BHP is looking at unlocking the value in the assets by selling off, the official indicated.

“We see more upside opportunity in the higher quality hard coking coals. Whilst we see thermal coal being used by the world for a long period of time, these being great assets, on balance, there’s less upside skewing in the market scenarios that we run than there is for some other commodities,” Henry said.

BHP’s thermal coal exposure comprises a very small portion of overall asset portfolio or about three percent of net asset base. BHP owns two assets, a 100 per cent share of the New South Wales Energy Coal asset and a 33.3 per cent stake in the independently operated Cerrejón mine in Colombia.”

BHP’s met coal business contributed EBITDA of $1.9 billion, at a margin of 36 percent which would have been better but for a 27 percent fall in price.

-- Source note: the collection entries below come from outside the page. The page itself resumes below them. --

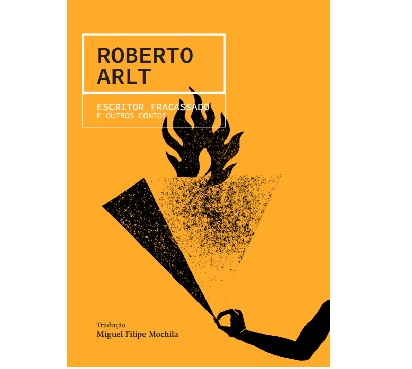 • Capa de livro laranja com nome do autor e título, ilustração de mão segurando papel em chamas
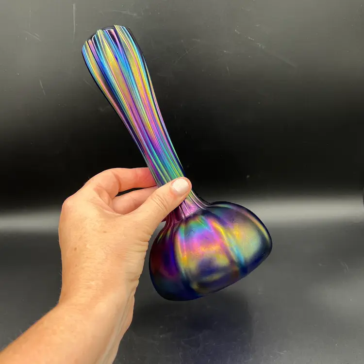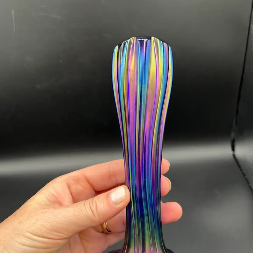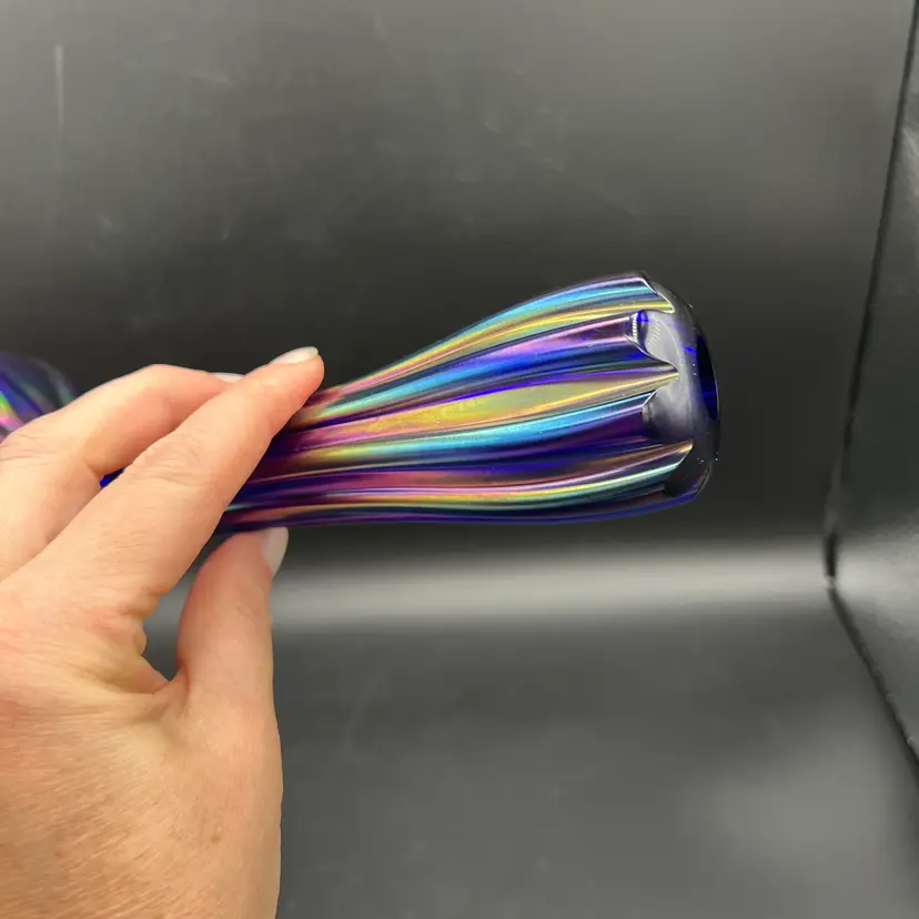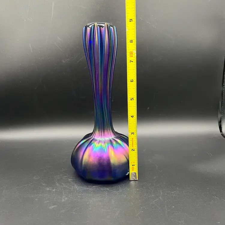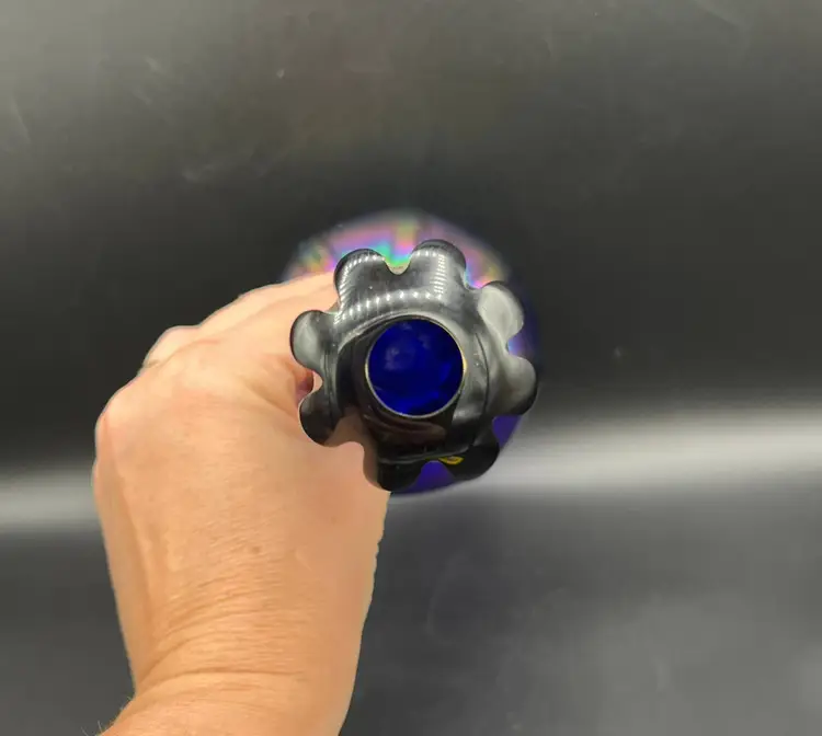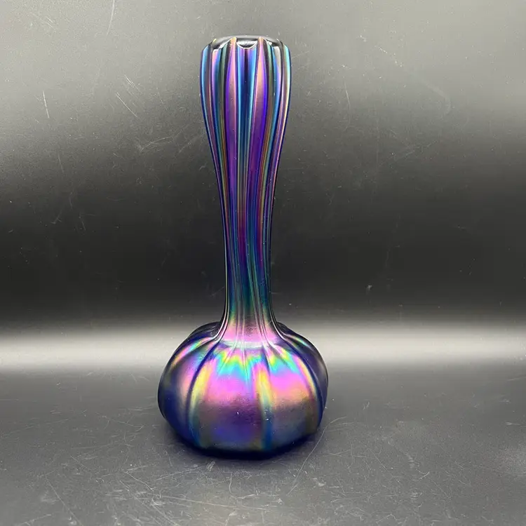 John Cook Iridescent Cobalt Blue Twist Art Glass Bud Vase 92' ~ 6th of 40 Signed
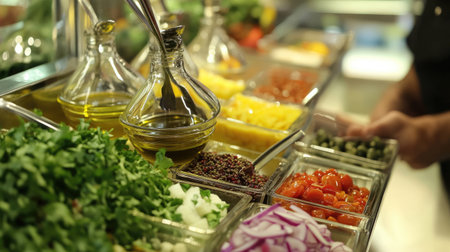 Vibrant Salad Bar Display with Fresh Vegetables, Greens, and Delicious Dressings for Healthy Eating

Why coking coal is a better bet?

The collective need to reduce emissions globally will create advantage for higher quality steel-making raw materials (both in iron ore and in met coal), as steel makers seek to reduce the emissions intensity of blast furnace steel production.

Over time, BHP sees premium quality coking coals at an advantageous position given the drive by steel makers to improve blast furnace productivity, partly to reduce emissions intensity.